I did check 2 TB disk as EHD for 622/722 - it formatted with two 500 GB DishArc partitions only; so current FW L618 cannot utilize more then 1 GB space.


----------



## AVJohnnie (Jul 27, 2004)

P Smith said:


> I did check 2 TB disk as EHD for 622/722 - it formatted with two 500 GB DishArc partitions only; so current FW L618 cannot utilize more then 1 GB space.

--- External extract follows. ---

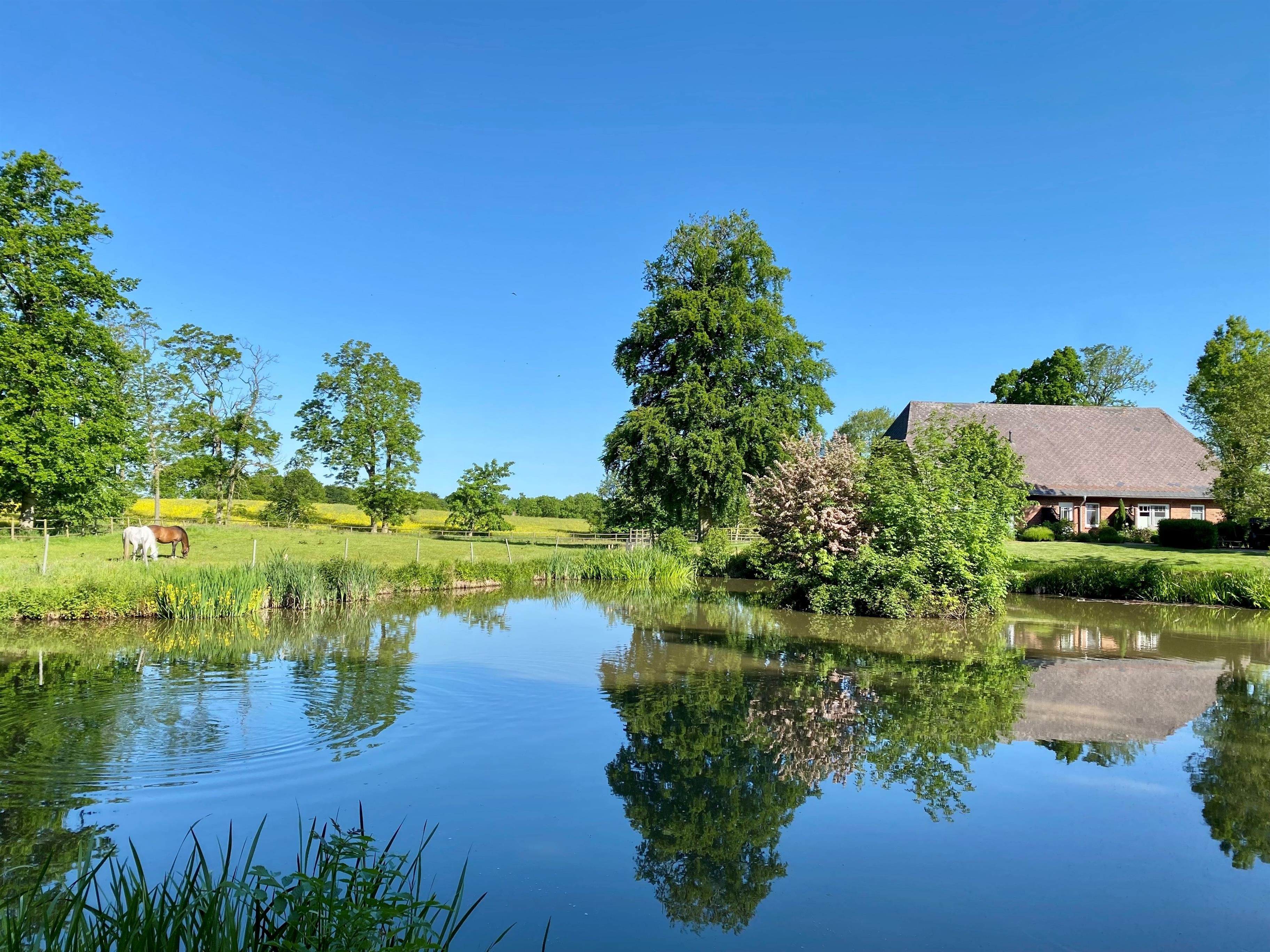 Im Sommer 2012 wurden im ehemaligen Pferdestall des Guts drei moderne, individuelle und liebevoll ausgestattete Premium-Ferienwohnungen eingerichtet. Diese Ferienwohnungen befinden sich in einem Gebäude, das in Einzellage direkt oberhalb des mit Seerosen bewachsenen Gartenteiches liegt. Von dort aus schweift der Blick über den Teich in den Guts-Park mit majestätischen, alten Bäumen, in den Buchenhain und weiter über die Felder. Ein magischer Sitz- und Grillplatz im Buchenwald und ein Steinlabyrinth geben Ihnen ein Gefühl von Frieden und 'angekommen sein'. Alle Ferienwohnungen sind hochwertig ausgestattet mit Internet über WLAN, Satellitenfernsehen und einer Stereokompaktanlage. Die Wohnung 'Romantika' ist 45 m2 groß und eine bezaubernde Unterkunft für bis zu 2 Personen. Eine gemütliche Wohnküche mit Essecke und ein Ausziehsofa vor dem Kamin laden zu kuscheligen Stunden vor loderndem Kaminfeuer ein. Die romantische Atmosphäre wird unterstrichen durch das harmonische Zusammenspiel von zarten Flieder- und Rosétönen mit hochwertigen floralen Stoffen. Einzigartig ist das märchenhafte Doppel-Alkoven-Bett mit Blick in den Sternenhimmel, der einem hilft, in sanfte Träume zu verfallen. Das in weiß gehaltene Badezimmer mit ebenerdiger Duschkabine vollendet das harmonische Ambiente. Zwei Terrassen ermöglichen dem Gast, mit dem Lauf der Sonne den Tag zu beginnen und zu beenden.
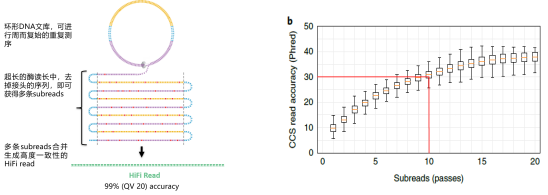 PB全長(cháng)多樣性測序基于HIFI模式對單一片段進(jìn)行多輪測序的方式來(lái)提升準確性。由于PacBio的原始錯誤為隨機錯誤,可通過(guò)獲取CCS(Circular Consensus Sequencing)進(jìn)行自身糾正來(lái)提升數據的準確性。

In that case, if it's an address overflow issue in the device driver, I'd guess the problem manifests at block counts that exceed 1024MB. I'm not really sure if I had tagged that much additional content (would have had to have been 275+MB) for transfer to the EHD, but it's possible. Like I said previously, I'll chalk it up to lessons learned the hard way.

Thanks,


----------



## P Smith (Jul 25, 2002)

Shouldn't any problem in drivers, this is a Linux what support big disks without issues. Perhaps bad implementation of some other Dish proprietary tidbits. 
Just want to tell you other observation - the same 2 TB disk been formatted by ViP211's Linux successfully with 1.8 TB data partition, but a message came with Dish restriction after reboot : disks accepted from 50 GB to 1 TB only. 
Keep in mind: the disk structure equivalent 622/722 internal [main] disk: log partition, swap and data while 622/722 EHD had different partition scheme.


----------